Organizing

You Put One Seed in the Ground, You Get Many in Return

The passing of two annual events: Thanksgiving, a time to celebrate the harvest and by extension with family, and Black Friday, an event that encapsulates our consumer economy provided a […]

aerial view of Oahu

Flickr photo by thomas23 CC BY-NC-SA

The passing of two annual events: Thanksgiving, a time to celebrate the harvest and by extension with family, and Black Friday, an event that encapsulates our consumer economy provided a timely bookend to last month’s conversation on the ‘Ohana Economy.

As a quick recap, the ‘Ohana Economy espouses a focus on management of the household to build ho‘owaiai, or genuine wealth. Last month we specifically saw how a municipal government department is exploring its role in providing support for such an economy through community-based processes to update two community development plans that raise up the vision and values of those communities in order to inform policies to support the industries desired by the community. Accordingly, what might an example of building ho‘owaiwai at a grassroots level to support an iteration of the ‘Ohana Economy look like?

In beautiful Hālawa Valley on the island of O‘ahu, the community-based organization, Nā Kūpuna A Me Nā Kāko‘o O Hālawa struggles to preserve the natural, cultural, and spiritual power of the Valley despite the construction of the H-3 freeway that cuts through the middle of the Valley.

Hālawa Valley is filled with cultural and spiritual structures and artifacts, including the iwi, or cultural remains, of the generations of Native Hawaiian families that called the Valley home. The roots of Nā Kūpuna A Me Nā Kāko‘o O Hālawa is grounded in efforts to protect those remains and artifacts in the active protestation of the highway’s construction. These efforts even saw its leaders—a majority of whom are female—thrown into prison for standing in front of construction equipment to impede their operation.

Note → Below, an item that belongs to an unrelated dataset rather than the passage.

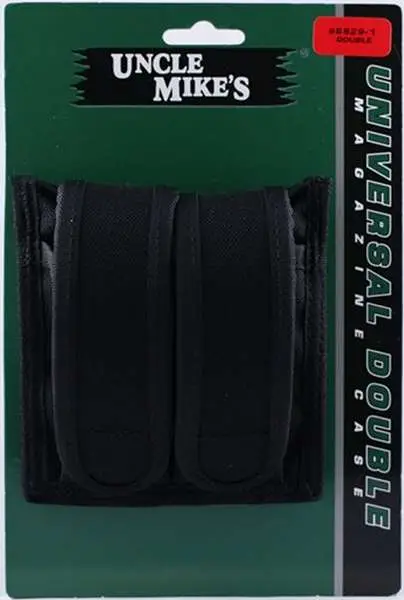 Uncle Mikes' Double Mag Pouch is made with Cordura nylon with closed-cell foam padding, molded belt loop, and a hook-and-loop close. It holds up to two (2) magazines and allows for vertical or horizontal carry. The Double Mag Pouch fits up to 2.25" belts.

While the efforts of these women were unsuccessful in stopping the construction of the highway, Nā Kūpuna A Me Nā Kāko‘o O Hālawa now exists to actively preserve, restore, and protect the Valley and the remaining cultural artifacts and sites. Most of this work has been spearheaded on a volunteer basis by those with a historical connection to the land who have then formed relationships and connections to numerous institutions to provide cultural and natural resource training of those volunteers.

Hawaii Alliance for Community Based Economic Development is currently partnered with Nā Kūpuna A Me Nā Kāko‘o O Hālawa to build their organizational capacity for the next generation of cultural practitioners and activists to continue the family tradition while earning a living for themselves and their own growing families. The new leadership faces challenges in learning how to manage and run a nonprofit organization, while maintaining the vision and values of the founders as summarized in the following quote:

Walking in the footsteps of our kūpuna, “mālama ‘āina and ‘āina mālama”
(you put one seed in the ground, you get many in return).

Kūpuna refers to our elders but also encompasses all those who came before us, while mālama means to protect and, ‘āina has been translated to mean land but literally means “that which feeds us” and encompasses those relationships that form the basis for our genuine wealth. The efforts of the new leadership of Nā Kūpuna A Me Nā Kāko‘o O Hālawa aims to perpetuate the current activities of protecting and restoring the land (mālama ‘āina)—which has had a healing effect on those who have taken on those tasks, including prisoners and at-risk youth (‘āina mālama you)—and expand on its cultural and learning opportunities to educational institutions and community groups through the support of traditional cultural practices including providing access for cultural practitioners (you put one seed in the ground, you get many in return).

The older generation of leaders in the organization has been carrying out these efforts on a largely volunteer basis yet sees the importance this work has had in keeping them connected to their formulation of genuine wealth. As the next generation steps up, they are facing the demand of attending school, finding paying work to support their growing families, and face the difficulty of maintaining these traditional cultural practices in light of 21st-century demands.

Just imagine if this up and coming generation could properly manage their household in a way that continues to raise up their traditional cultural practices, maintain relationships with their families, those they serve, and their environment, and be financially secure in the process—a form of the ‘Ohana Economy on the ground.

As work continues, the efforts of the new leadership and the learning that happens as the leadership transition continues will be captured in ongoing documentation that will be summarized in a stewardship and sustainability plan. Such a document will not only capture the stories of the kūpuna, but be a small outcome of a co-learning process we undertake with this next generation of leaders as they try to accomplish a couple of things: iterate a picture of genuine wealth that allows them to care for where they live, which is healing in and of itself; explore doing such work on a full-time basis and financially provide for their families; and thus put one seed in the ground and get many in return in a true sense of thanksgiving.